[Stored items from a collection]

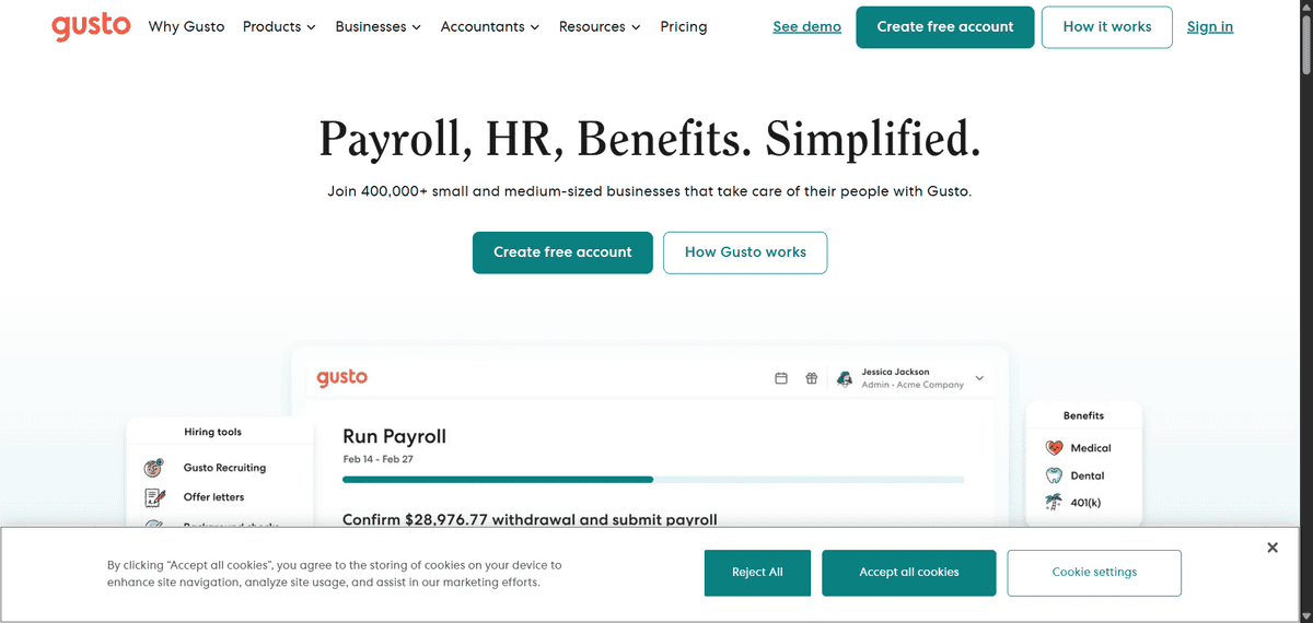 Gusto is a payroll, benefits, and HR platform built for small businesses and startups. It handles the entire payroll process including tax calculations, filings, and employee onboarding. The interface is straightforward enough to use without dedicated HR expertise.
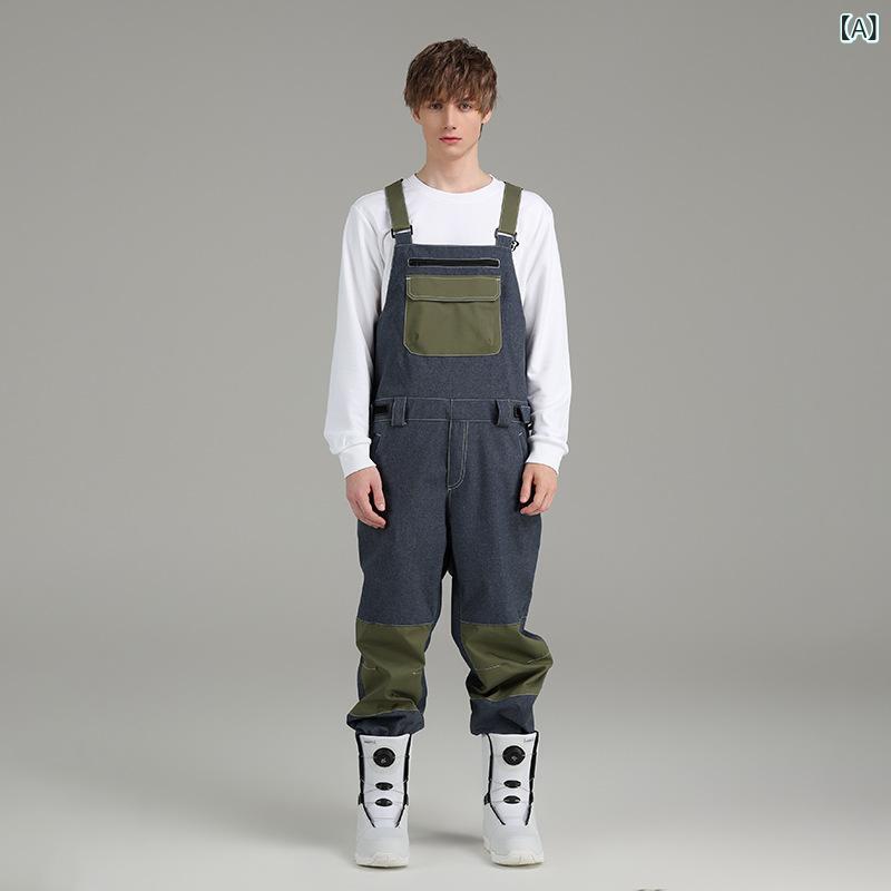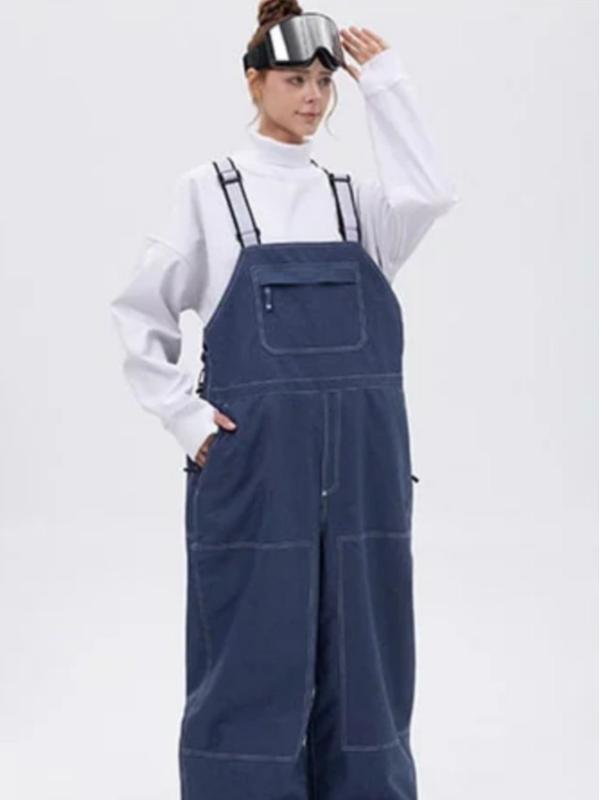 スキーウェアパンツ 男女兼用 SEARIPE スキー スノーボード ビブパンツ デニム オーバーオー・・・
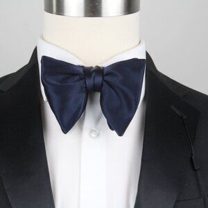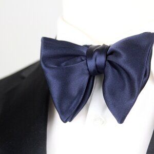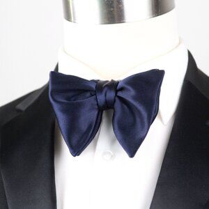 Elevate your formalwear with this elegant Camellucci self-tie bow tie, crafted in luxurious 100% silk charmeuse. The rich navy blue tone and oversized "Big Butterfly" shape make it a standout choice for black tie events, weddings, galas, or classic evening wear.
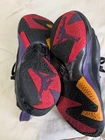 The product is a pair of Air Jordans 6Y Youth in black and red, featuring a round toe shape, lace-up closure, and rubber outsole. These sneakers are great for your son's sports and school fashion needs. Made with a blended fabric upper and foam insole, they are part of the Air Jordan product line and have a retro feel.
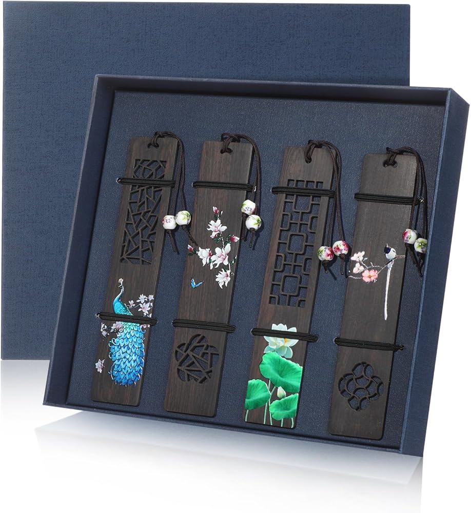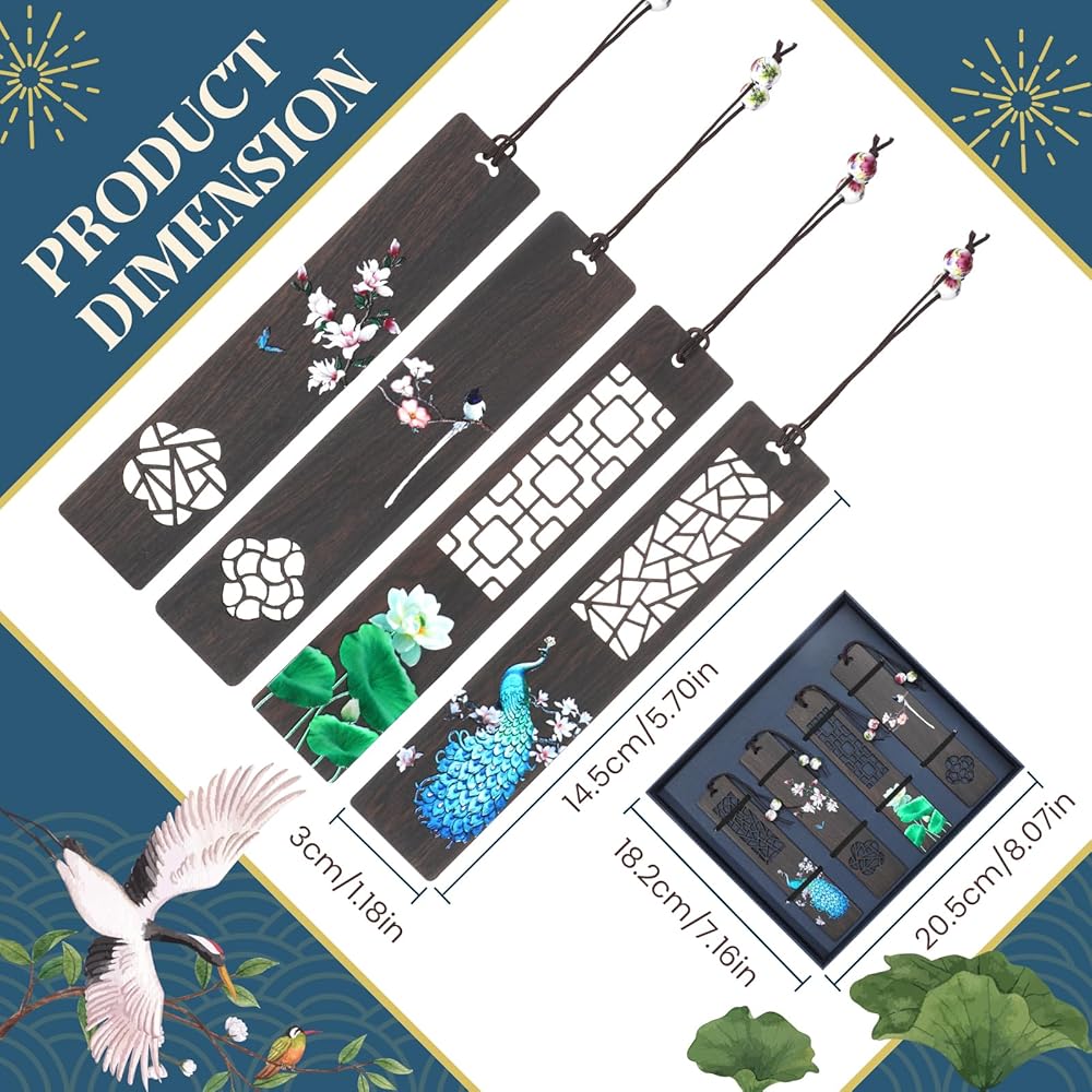 4 Pieces Wooden Bookmark for Book Lovers, Handmade Hallow Out Natural Wooden Carving Bookmark Box Set, Peacock and Lotus Pattern Painted Bookmark for Women Men Teacher Birthday Gift

▶ [WHAT YOU SHOULD DO] Lines from the one holding "スキーウェアパンツ 男女兼用 SEARIPE" to the end of the data, both ends included, are to be given again exactly; no pictures belong in the copy.

▶ [COMPLETED EXERCISE]
 スキーウェアパンツ 男女兼用 SEARIPE スキー スノーボード ビブパンツ デニム オーバーオー・・・
 Elevate your formalwear with this elegant Camellucci self-tie bow tie, crafted in luxurious 100% silk charmeuse. The rich navy blue tone and oversized "Big Butterfly" shape make it a standout choice for black tie events, weddings, galas, or classic evening wear.
 The product is a pair of Air Jordans 6Y Youth in black and red, featuring a round toe shape, lace-up closure, and rubber outsole. These sneakers are great for your son's sports and school fashion needs. Made with a blended fabric upper and foam insole, they are part of the Air Jordan product line and have a retro feel.
 4 Pieces Wooden Bookmark for Book Lovers, Handmade Hallow Out Natural Wooden Carving Bookmark Box Set, Peacock and Lotus Pattern Painted Bookmark for Women Men Teacher Birthday Gift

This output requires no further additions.